> **Work instruction**
The line containing "VVS Moissanite Diamond" and each line after it, through the final line of the data, are to be retyped exactly, with pictures left out.
-------- Recorded data --------
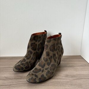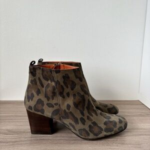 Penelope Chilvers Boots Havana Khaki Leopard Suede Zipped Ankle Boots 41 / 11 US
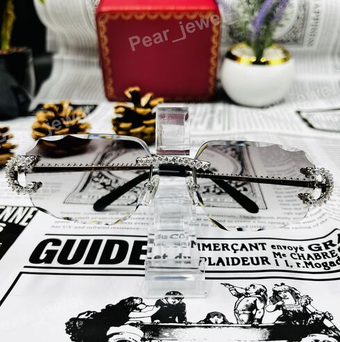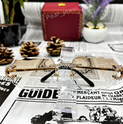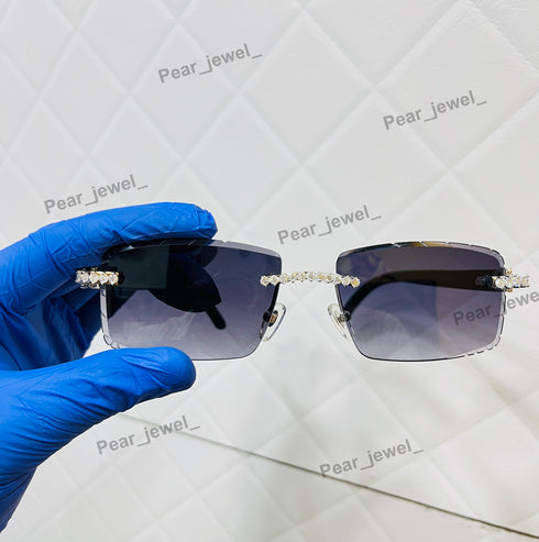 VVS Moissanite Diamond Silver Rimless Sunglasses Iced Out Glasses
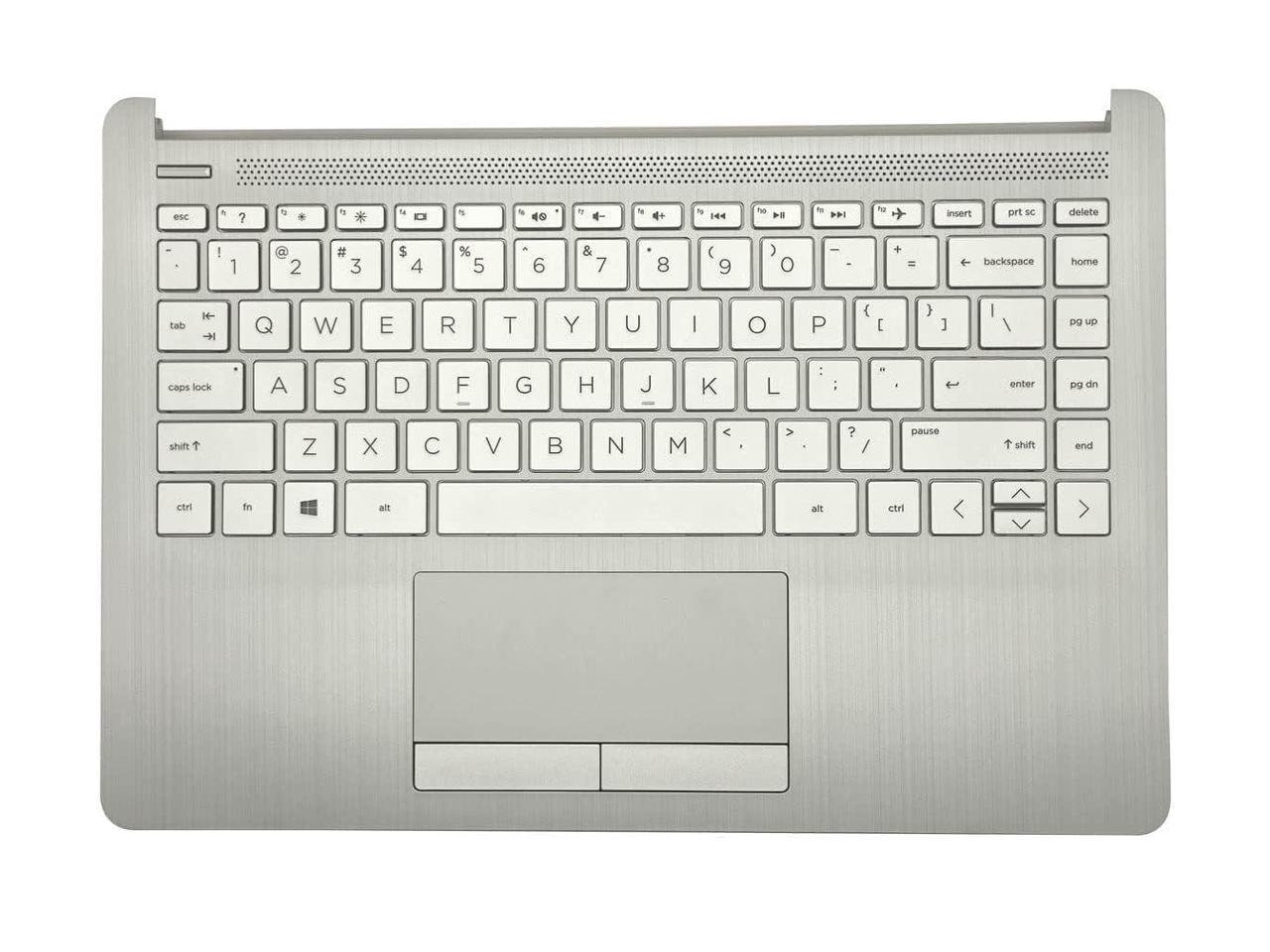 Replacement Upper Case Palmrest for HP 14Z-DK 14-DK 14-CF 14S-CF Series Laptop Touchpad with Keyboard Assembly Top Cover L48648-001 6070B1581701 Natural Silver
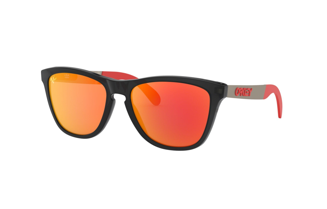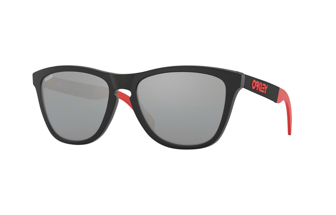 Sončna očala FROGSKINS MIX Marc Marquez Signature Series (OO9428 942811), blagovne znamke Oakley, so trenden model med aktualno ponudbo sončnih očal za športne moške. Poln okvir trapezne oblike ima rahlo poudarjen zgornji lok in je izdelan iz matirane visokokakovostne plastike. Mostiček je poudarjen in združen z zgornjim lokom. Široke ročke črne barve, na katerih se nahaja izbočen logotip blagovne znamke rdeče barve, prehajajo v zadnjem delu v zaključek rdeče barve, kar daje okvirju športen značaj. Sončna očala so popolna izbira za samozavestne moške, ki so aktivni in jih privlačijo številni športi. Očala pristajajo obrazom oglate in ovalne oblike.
--------
> **Result for this task**
 VVS Moissanite Diamond Silver Rimless Sunglasses Iced Out Glasses
 Replacement Upper Case Palmrest for HP 14Z-DK 14-DK 14-CF 14S-CF Series Laptop Touchpad with Keyboard Assembly Top Cover L48648-001 6070B1581701 Natural Silver
 Sončna očala FROGSKINS MIX Marc Marquez Signature Series (OO9428 942811), blagovne znamke Oakley, so trenden model med aktualno ponudbo sončnih očal za športne moške. Poln okvir trapezne oblike ima rahlo poudarjen zgornji lok in je izdelan iz matirane visokokakovostne plastike. Mostiček je poudarjen in združen z zgornjim lokom. Široke ročke črne barve, na katerih se nahaja izbočen logotip blagovne znamke rdeče barve, prehajajo v zadnjem delu v zaključek rdeče barve, kar daje okvirju športen značaj. Sončna očala so popolna izbira za samozavestne moške, ki so aktivni in jih privlačijo številni športi. Očala pristajajo obrazom oglate in ovalne oblike.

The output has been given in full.